* TASK INSTRUCTIONS *
Drop the pictures and repeat the remaining data exactly.
[COLLECTED DATA Boundary: Start]
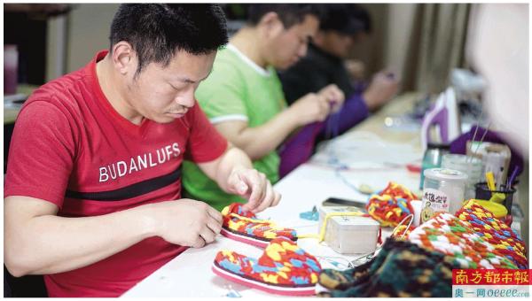 在南京玄武九洲残疾人文化艺术中心,几名残疾人在制作手工产品。 新华社发
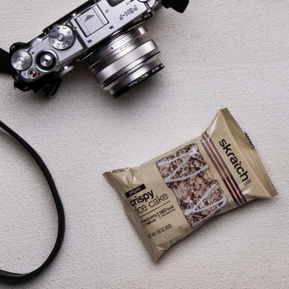 For a crispy treat that will fuel your feet, try the Skratch Labs Crispy Rice Cake Strawberry & Mallow!
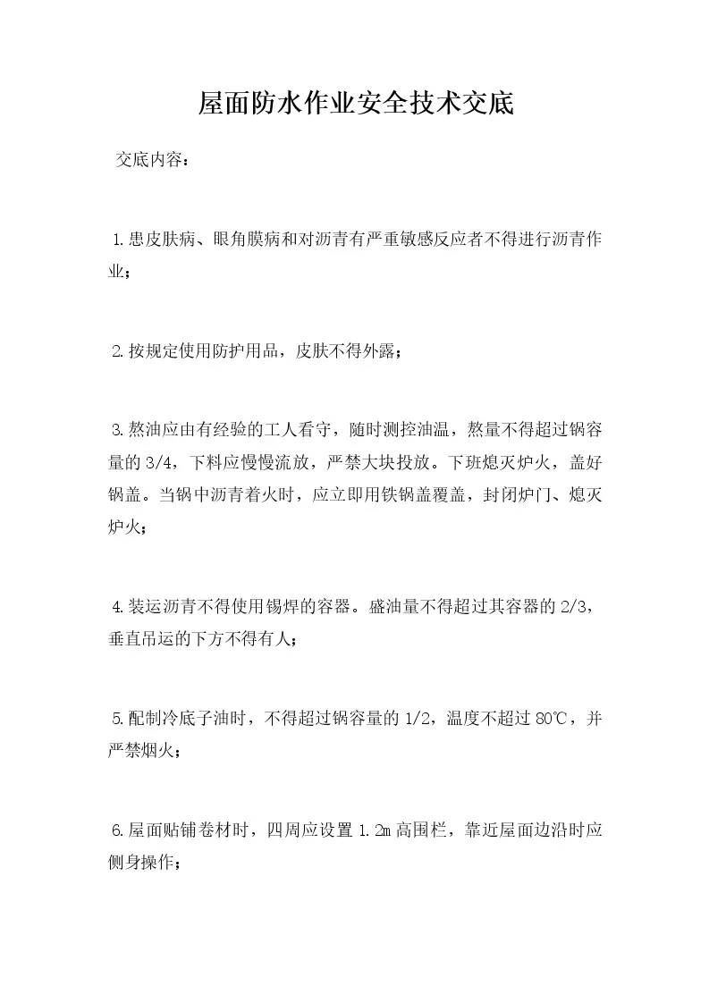 屋面防水作业安全技术交底
[COLLECTED DATA Boundary: End]
* THE ANSWER *
 在南京玄武九洲残疾人文化艺术中心,几名残疾人在制作手工产品。 新华社发
 For a crispy treat that will fuel your feet, try the Skratch Labs Crispy Rice Cake Strawberry & Mallow!
 屋面防水作业安全技术交底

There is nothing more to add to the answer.